There's also the issue of time. With a polarizer you can greatly reduce highlights and reveal color and detail without having to take the time to edit every single picture.

 

Also, when using filters I tend to get a more consistent look from shot to shot vs. relying on editing alone.

 

Plus it's kind of fun using filters.

 

Anyway, hope this helps!

 

 

"...when you capture an image that is filtered by a real glass filter you capture the image how you want with 100% of the detail possible by the sensor."..."If you rely solely on editing, you have to crush details to get the "look" you want."

 

Shoot Raw format, solves that issue. Second take a course in Photoshop.

 

"Plus it's kind of fun using filters."

 

Just as much or more so to watch your image develop from a good to great photo.  This is no different than our old darkroom abilities. But some folks did just drop their film off at the drug store and picked up the prints a week later?

 

I agree there are a few, very few, instances where certain filters can be useful but otherwise they are largely obsolete. I must have 25 or 30 filters of all kinds and types sitting on the formerly stop bath stained shelves of my old darkroom.  They have been sitting there for years and years!

EB
EOS 1DX and 1D Mk IV and less lenses then before!

What size? Any 77mm, 62mm, or 58mm? I'm always looking for cool filters. I'll pay.

" I must have 25 or 30 filters of all kinds and types sitting on the formerly stop bath stained shelves of my old darkroom. They have been sitting there for years and years!"

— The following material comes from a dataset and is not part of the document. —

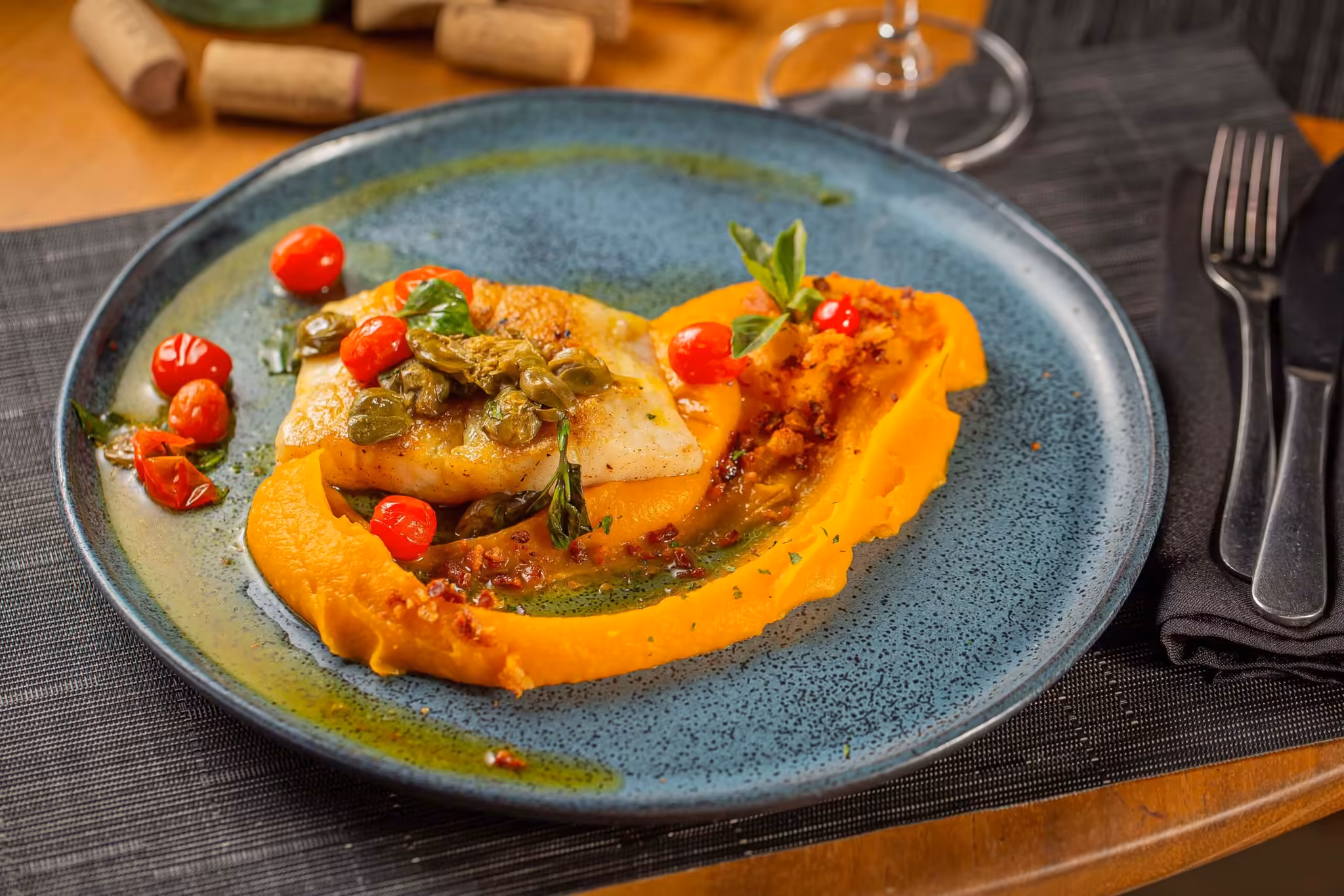 Os que preferem peixe, há o Bonne Pescada (R$69). Trata-se de uma pescada amarela, grelhada, ao molho cítrico de alcaparras e tomate confit. Ainda acompanha purê de abóbora e crocante de bacon.

DSLR cameras have a mirror which is the cause of the problem. A linear polarizer can cross polarize, causing the image to darken or go completely black. Simular to an ND filter. Our old film SLRs used fully reflecting mirrors.  Meaning they had mirrors that reflect all polarized light with equal intensity to a point. DSLRs with autofocus use partial reflecting mirrors. The reduced reflected light, the key point here, goes to the viewfinder and metering systems.  And, some light goes on to the auto focus sensors.  This reduction can cause exposure errors and/or autofocus errors.

 

All circular polarizer filter are linear.  They just have an additional layer that "spins" the light, so to say. This fixes the exposure and focus errors or at least reduces them to a non-critical level. Will a plain linear polarizer work on a DSLR, yes, it will since the mirror is completely out of the way of the sensor when the photo is actually taken. However, you run the risk of the exposure or auto focus errors.

 

Perhaps a little simplistic but that is the basic idea.

EB
EOS 1DX and 1D Mk IV and less lenses then before!